Senior Secured Notes
|3 Months Ended|
Mar. 31, 2019
|Debt Disclosure [Abstract]|
|SENIOR SECURED NOTES||
4 — SENIOR SECURED NOTES
Senior Secured Bridge Note
Effective May 1, 2017, the Company entered into a senior secured bridge note financing with a third party investment fund (the "Senior Holder") for the original principal sum of $287,500 (the "Senior Secured Bridge Note") of which $250,000 was received as proceeds and $37,500 was recorded as original issue discount. The interest on the principal amount was at the rate of two percent per annum. The maturity date at issue was November 1, 2017, at which time the principal and accrued and unpaid interest and other fees therein, was due and payable. The Senior Secured Bridge Note was secured by all the assets held by the Company.
On February 22, 2018, the Company executed a settlement agreement with the Senior Holder, paying $150,000 at time of execution of the settlement and agreement to pay an additional $100,000 and issue a number of shares of common stock and warrants to purchase shares of common at the Company's next financing.
On July 31, 2018, on completion of the IPO and as required under the terms of the settlement agreement, the Company made a cash payment of $100,000 to the holder of the Senior Secured Bridge Note and issued 10,020 shares of common stock and warrants to purchase 65,130 shares of common stock at an exercise price of $4.99 per share. The net loss on extinguishment of the Senior Secured Bridge Note was $97,593.
Interest expense on the Senior Secured Note during the three months ended March 31, 2018 was $23,363.
Senior Secured Notes (Related Parties $470,000)
On February 22, 2018 and March 1, 2018, the Company entered Security Purchase Agreements to issue Secured Notes (the "Secured Notes") to a number of Company directors and a consultant in the aggregate principal amount of $510,000. The Secured Notes ranked pari passu with respect to seniority to one another, were senior to all other debt, and were secured against all assets of the Company. The Secured Notes matured on July 1, 2018 and bore 18% interest, payable at maturity or at the time of the Company's next equity or debt, including, without limitation, an IPO or a change of control. Additionally, the Company agreed to issue a number of warrants to the holders of the Senior Secured Notes on completion of its next financing.
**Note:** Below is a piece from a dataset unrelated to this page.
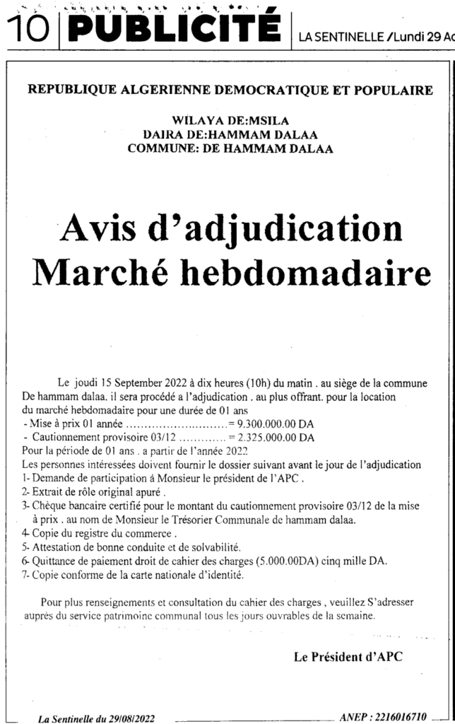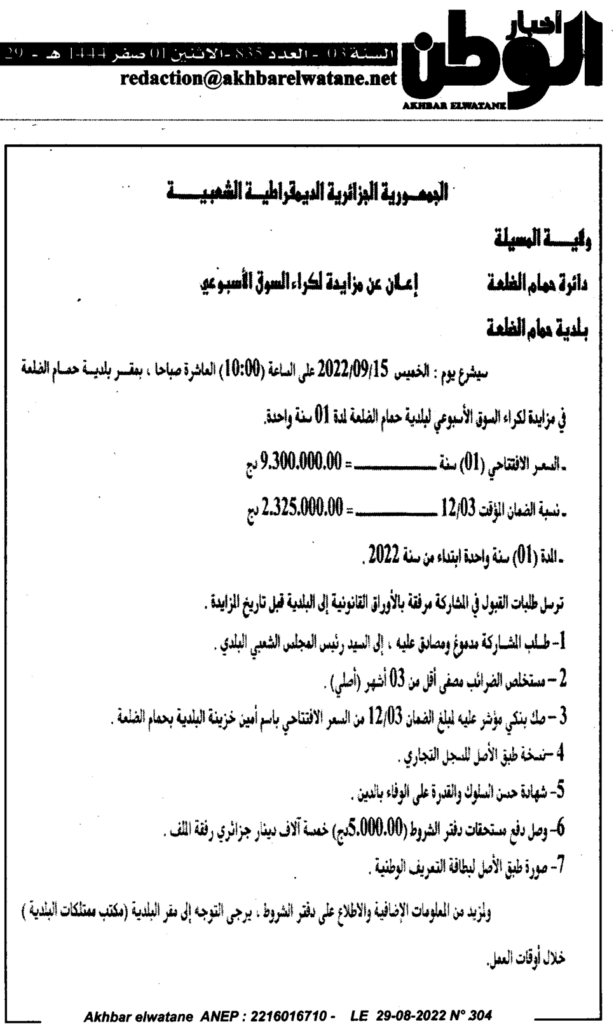 إعلان عن مزايدة لكراء السوق الأسبوعي بلدية حمام الضلعة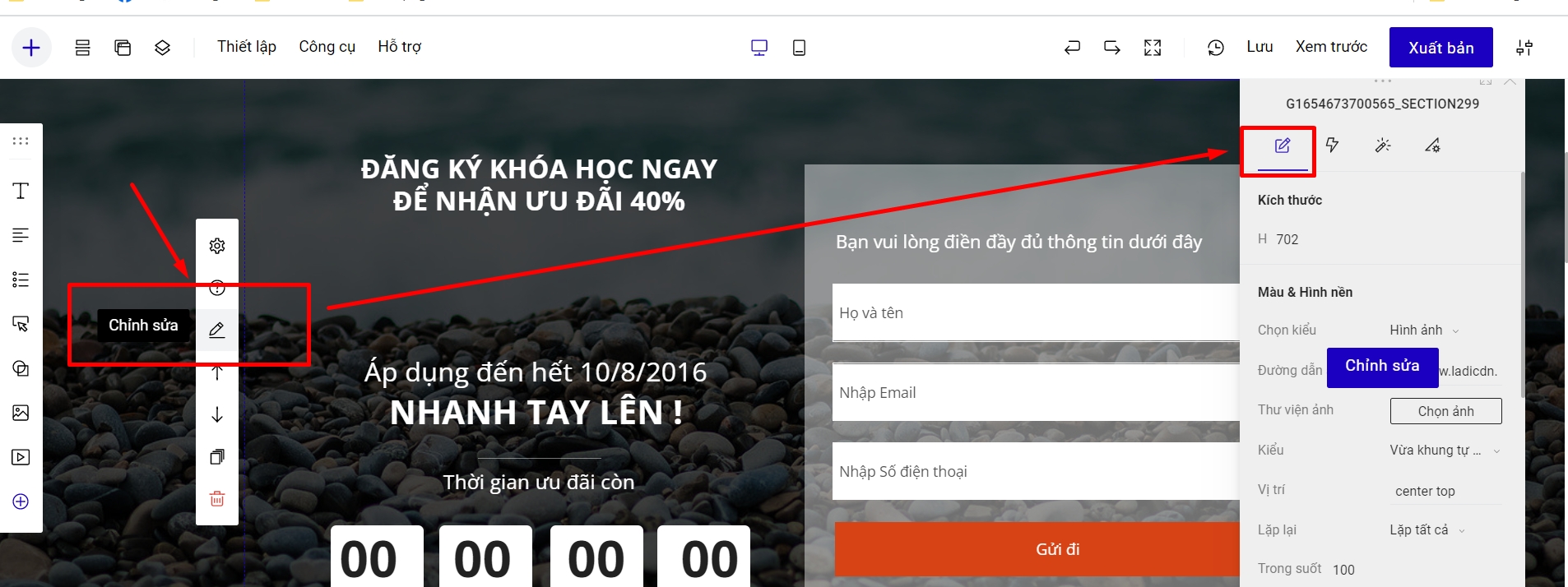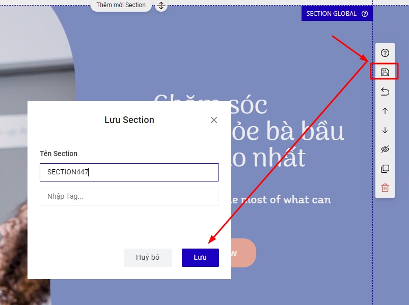 Sau khi chỉnh sửa nội dung theo mong muốn của bạn, bạn cần bấm vào nút LƯU trên Section,để có thể lưu lại nội dung vừa thao tác và cập nhật nội dung cho toàn bộ các trang landing page đang sử dụng section Global đó.

On June 8, 2018, the Secured Notes were amended, extending the maturity date to August 1, 2018.
On July 31, 2018, upon the consummation of the IPO and as required by the terms of the Secured Notes, the principal and interest outstanding of the Secured Notes was paid in full and 408,000 units (376,000 units to related parties), each unit consisting each of a share of common stock and a warrant to purchase of a share of common stock at an exercise price of $6.25 per share and 408,000 Unit Warrants (376,000 Unit Warrants to related parties) were issued, as a result of which the obligation of the Company with respect to Senior Secured Notes were fully satisfied. The loss on extinguishment of the Secured Notes was $3,399,902.
For the three months ended March 31, 2018, interest expense for the Secured Notes was $7,560.
On June 3, 2018, the Company entered into a Security Purchase Agreement pursuant to which it issued a note in the principal amount of $325,000 to one accredited institutional investor (the "June 2018 Senior Note"). The June 2018 Senior Note ranked pari passu with respect to seniority as to payment with the $510,000 in then outstanding other Secured Notes, senior as to payment as to all other outstanding debt and was secured by a lien on substantially all of the Company's assets. The June 2018 Senior Note was issued at an original issue discount of 15.4%, or $50,000, did not bear interest and was payable on March 5, 2019 or upon an earlier event of default, including, without limitation, a change of control of the Company. The June 2018 Senior Note was convertible into shares of the Company's common stock at a conversion price of $2.00 per share, subject to adjustment for certain dilutive issuances. The Company also issued to the investor a warrant to purchase 300,000 shares of its common stock exercisable at $3.75 per share which will be exercisable for a term of five years. As a result of this beneficial conversion feature and issuance of warrants, additional discounts of $275,000 were recognized.
On December 19, 2018, the holder of the June 2018 Senior Note elected to convert the entire outstanding principal of $325,000 into shares of common stock at the conversion price of $2.00 per share, as a result of which the Company issued to the holder 162,500 shares of common stock and the Company's obligations under the June 2018 Senior Note were fully satisfied. At the time of conversion the amortization of the remaining discounts to the June 2018 Senior Note was accelerated and recognized as interest expense of $186,397.